Pourtant, toutes les accusations que j’ai évoquées sont fausses ou incomplètes, invariablement malhonnêtes.

Les mauvaises notes

Les abonnés au zéro existent, c’est exact. Ils ont toujours existé. Ils sont même de plus en plus nombreux à mesure que l’exercice se raréfie (sans disparaître bien sûr). Faute d’entraînement, l’exercice prend l’allure d’un couperet de guillotine. Le manque d’entraînement concerne maintenant des collèges entiers. Brillant résultat!

Les mauvaises notes ne sont pas l’apanage de la dictée, mais son caractère rigoureux empêche les compensations: pas de points pour l’effort, pour la belle présentation, pour la bienveillance ou pour une idée vaguement amusante. Le caractère implacable et impersonnel de l’exercice a un côté éducatif. Il confronte l’élève à ses limites. Il est franc. À l’instar des mathématiques, c’est une école de sérieux et de rigueur. Comme en mathématiques, des notes élevées sont également possibles. Le professeur n’est pas tenté de dire qu’on peut toujours faire mieux, comme il le ferait sans doute pour une rédaction ou une dissertation.

Un vrai moment d’apprentissage

On accuse la dictée d’être inefficace. On n’apprendrait pas avec elle. On tente de nous destabiliser par des questions rhétoriques: apprend-on en faisant un contrôle ou en passant des examens? La réalité est plus complexe qu’une question rhétorique. Oui, on apprend en faisant un contrôle, un peu moins en passant des examens, parce qu’on corrige le contrôle et que la correction apporte la validation d’un certain nombre d’interprétations formulées par les élèves. On corrige rarement l’examen dans le détail. J’ai même envie de dire que la correction d’un contrôle est un moment privilégié du processus d’apprentissage. C’est le moment où la compréhension d’une règle est confirmée officiellement. L’élève n’est pas bloqué dans ses doutes.

On ne tire pas toujours tout le profit possible d’une correction. Les élèves archivent leur devoir immédiatement et le professeur le considère comme la conclusion de leur séquence. C’est dommage. Il existe pourtant des moyens assez simple d’améliorer la pratique. Par exemple, si la correction est l’occasion de préparer un deuxième jet du travail, ou si l’on valorise la correction elle-même par quelques points de bonus, les élève peuvent être beaucoup plus attentifs à leurs erreurs et les progrès sont sensibles. Pour ma part, j’accorde volontiers 4 ou 5 points supplémentaires pour la correction d’une rédaction et 2 ou 3 points pour la correction d’une dictée. À la rigueur, vous pouvez très bien ne pas compter les notes de dictée, si vous pensez qu’elles peuvent décourager les élèves. Mais les élèves ont besoin de tester leur compréhension des règles dans un exercice complexe. Les exercices ciblés ou, pire, les exercices à trous ne suffisent pas à garantir une bonne orthographe en situation réelle. Bien menée, la dictée est une excellente évaluation formative.

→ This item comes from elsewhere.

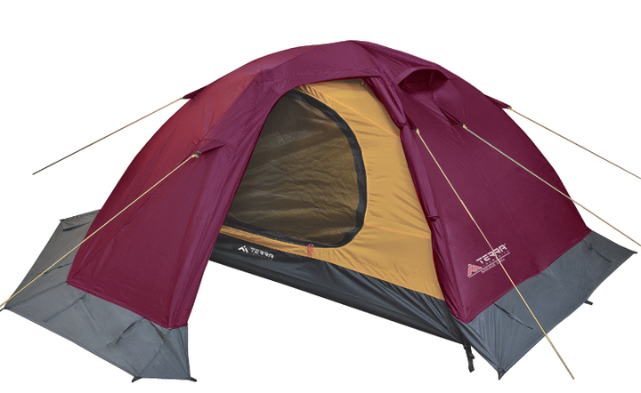 Двомісний намет із захисною спідницею та двома входами, вишневий

Et s’il reste des fautes, il ne faut ni se laisser impressionner, ni renoncer au prétexte que même les grands écrivains font des fautes. Au fond, derrière ces excuses, il s’agit d’un sophisme classique: parce que l’efficacité n’est pas totale, l’exercice ne vaudrait rien. Je dis « excuses », car il peut s’agir d’un moyen commode de se faciliter la vie. À l’impossible nul n’est tenu, n’est-ce pas? On trouve le même sophisme à propos du redoublement: interdire le redoublement permet, paraît-il, de faire des économies…

Renoncer à la perfection n’est pas renoncer tout court. Il fallait le rappeler.

Une discipline au sens fort

La dictée est une école d’attention. Peu d’exercices scolaires sont aussi bons à cet égard.

Bien plus, c’est le seul moyen de tester vraiment l’orthographe sans échappatoire. Pendant une rédaction, l’élève a en effet deux stratégies d’évitement possibles en ce qui concerne l’orthographe:

– Il peut contourner le problème en choisissant ses mots. S’il ne sait pas orthographier une expression, il cherchera un synonyme, voire changera tout simplement son scénario.

– Il peut renoncer purement et simplement à l’orthographe, pour consacrer ses efforts à la structure du devoir. Bref, il peut la jouer à l’esbroufe.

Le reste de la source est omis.